In the thread, the example seems to assume your parameters will always be in the same order:


http://example.com/mypage.html?p1=v1&p2=v2&p3=v3

However, in my case, there is no such guarantee. So what I need to do is that for all of the following (for example):


http://example.com/mypage.html?p1=v1&p2=v2&p3=v3
http://example.com/mypage.html?p2=v2&p3=v3&p1=v1
http://example.com/mypage.html?p1=v1&p3=v3&p2=v2&

(I could have a trailing "&" as in the last example) need to map the SAME 301 redirect:

http://example.com/v1/v2/v3/mypage.html

Does this mean I need some kind of chain of RewriteRules? I can do this if I am only picking out one parameter, but the added parameters seem to put in a bit of twist (which may not be, but I'm new at this).

To add to this, the result may be a mixed URL. That is, I can have:


http://example.com/mypage.html?p2=v2&p3=v3&p1=v1&p4=v4

or

http://example.com/mypage.html?p4=v4&p2=v2&p3=v3&p1=v1

need to end up as:


http://example.com/v1/v2/v3/mypage.html?p4=v4

That is, for those remaining parameters I'm not picking out, they must remain as part of the query (and those that I've picked out need to be removed from the query).

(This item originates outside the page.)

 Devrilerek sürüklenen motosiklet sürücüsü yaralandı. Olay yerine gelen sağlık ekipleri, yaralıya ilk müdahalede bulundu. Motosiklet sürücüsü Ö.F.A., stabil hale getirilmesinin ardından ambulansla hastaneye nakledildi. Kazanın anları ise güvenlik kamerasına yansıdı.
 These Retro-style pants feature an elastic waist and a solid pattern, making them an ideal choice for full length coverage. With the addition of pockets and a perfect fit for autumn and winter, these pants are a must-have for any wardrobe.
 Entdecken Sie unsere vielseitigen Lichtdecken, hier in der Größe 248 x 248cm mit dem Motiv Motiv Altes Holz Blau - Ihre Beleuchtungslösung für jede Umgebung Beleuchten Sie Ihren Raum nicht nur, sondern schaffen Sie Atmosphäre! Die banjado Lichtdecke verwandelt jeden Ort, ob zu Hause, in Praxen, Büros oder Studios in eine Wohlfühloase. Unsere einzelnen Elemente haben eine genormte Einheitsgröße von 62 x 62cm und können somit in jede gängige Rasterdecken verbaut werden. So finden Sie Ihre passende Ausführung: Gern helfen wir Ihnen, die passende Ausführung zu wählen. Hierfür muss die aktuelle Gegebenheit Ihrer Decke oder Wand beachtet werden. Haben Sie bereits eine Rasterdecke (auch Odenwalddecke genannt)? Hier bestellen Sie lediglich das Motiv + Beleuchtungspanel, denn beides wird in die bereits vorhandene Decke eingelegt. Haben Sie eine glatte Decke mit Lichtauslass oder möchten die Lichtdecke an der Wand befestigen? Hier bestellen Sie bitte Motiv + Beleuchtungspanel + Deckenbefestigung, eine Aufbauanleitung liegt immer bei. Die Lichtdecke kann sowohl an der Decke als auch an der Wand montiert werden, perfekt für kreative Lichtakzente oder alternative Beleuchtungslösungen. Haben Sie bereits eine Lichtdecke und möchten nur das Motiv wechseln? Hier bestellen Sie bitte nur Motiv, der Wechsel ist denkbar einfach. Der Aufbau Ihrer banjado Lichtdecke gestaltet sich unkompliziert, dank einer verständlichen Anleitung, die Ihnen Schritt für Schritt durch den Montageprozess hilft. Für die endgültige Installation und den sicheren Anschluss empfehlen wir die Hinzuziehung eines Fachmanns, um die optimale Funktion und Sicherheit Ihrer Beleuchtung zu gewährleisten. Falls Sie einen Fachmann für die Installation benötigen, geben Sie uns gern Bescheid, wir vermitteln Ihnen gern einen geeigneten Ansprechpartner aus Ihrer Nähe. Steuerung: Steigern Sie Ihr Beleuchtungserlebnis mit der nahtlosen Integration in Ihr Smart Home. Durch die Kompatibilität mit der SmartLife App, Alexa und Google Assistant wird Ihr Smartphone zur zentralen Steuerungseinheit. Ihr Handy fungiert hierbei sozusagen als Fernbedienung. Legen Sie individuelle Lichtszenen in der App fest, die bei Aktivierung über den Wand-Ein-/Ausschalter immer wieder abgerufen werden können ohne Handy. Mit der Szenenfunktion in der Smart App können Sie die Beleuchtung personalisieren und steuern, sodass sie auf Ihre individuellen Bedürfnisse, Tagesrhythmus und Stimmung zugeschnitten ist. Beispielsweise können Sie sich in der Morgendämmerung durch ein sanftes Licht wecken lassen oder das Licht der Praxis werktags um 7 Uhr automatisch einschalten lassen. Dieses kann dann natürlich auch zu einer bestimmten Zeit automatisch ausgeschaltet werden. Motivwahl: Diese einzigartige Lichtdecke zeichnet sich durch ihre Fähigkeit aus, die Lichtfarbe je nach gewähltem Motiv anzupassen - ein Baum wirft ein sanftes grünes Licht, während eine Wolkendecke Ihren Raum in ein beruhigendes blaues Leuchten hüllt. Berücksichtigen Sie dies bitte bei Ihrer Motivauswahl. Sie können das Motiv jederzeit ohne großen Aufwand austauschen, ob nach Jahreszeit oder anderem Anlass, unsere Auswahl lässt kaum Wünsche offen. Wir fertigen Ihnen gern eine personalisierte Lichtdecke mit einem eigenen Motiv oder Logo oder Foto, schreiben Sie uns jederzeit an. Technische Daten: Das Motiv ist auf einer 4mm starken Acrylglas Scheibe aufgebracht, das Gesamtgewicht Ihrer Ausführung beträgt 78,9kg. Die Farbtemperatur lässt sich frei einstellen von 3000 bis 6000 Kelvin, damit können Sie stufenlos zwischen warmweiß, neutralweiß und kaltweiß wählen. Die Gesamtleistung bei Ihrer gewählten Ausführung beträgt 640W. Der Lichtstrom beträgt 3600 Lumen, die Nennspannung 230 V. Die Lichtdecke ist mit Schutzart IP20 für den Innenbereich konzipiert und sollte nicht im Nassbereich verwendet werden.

Is this possible with the mod_rewrite? Or really should be looking at a completely different solution?

Thanks!

Vince

[edited by: jdMorgan at 4:19 am (utc) on July 21, 2007]
[edit reason] exampe.com [/edit]

phranque

11:08 pm on Jul 20, 2007 (gmt 0)

WebmasterWorld Administrator 10+ Year Member Top Contributors Of The Month



welcome to WebmasterWorld, vince!

i would internally rewrite the url to a "canonical" form:

http://www.example.com/mypage.html?p1=v1&p2=v2&p3=v3&otherparams=othervalues

using 3 steps to move p3 then p2 then p1 to the front of the query string and then externally redirect to the "static" url:
http://www.example.com/v1/v2/v3/mypage.html?otherparams=othervalues

you can access the query string using RewriteCond and backreference grouped parts with %N syntax in subsequent RewriteCond/RewriteRule directives.

jdMorgan

4:06 am on Jul 21, 2007 (gmt 0)

WebmasterWorld Senior Member 10+ Year Member



Yes, that's a mess you're in...

Here's what I'd try:


RewriteCond %{QUERY_STRING} ^(([^&]+&)*)p1=([^&]+)((&[^&]+)*)&?$
RewriteRule ^mypage\.html$ %3/mypage.html?%1%4 [C]
RewriteCond %{QUERY_STRING} ^(([^&]+&)*)p2=([^&]+)((&[^&]+)*)$
RewriteRule ^([^/]+)/mypage\.html$ $1/%3/mypage.html?%1%4 [C]
RewriteCond %{QUERY_STRING} ^(([^&]+&)*)p3=([^&]+)((&[^&]+)*)$
RewriteRule ^([^/]+)/([^/]+)/mypage\.html$ http://www.example.com/$1/$2/%3/mypage.html?%1%4 [R=301,L]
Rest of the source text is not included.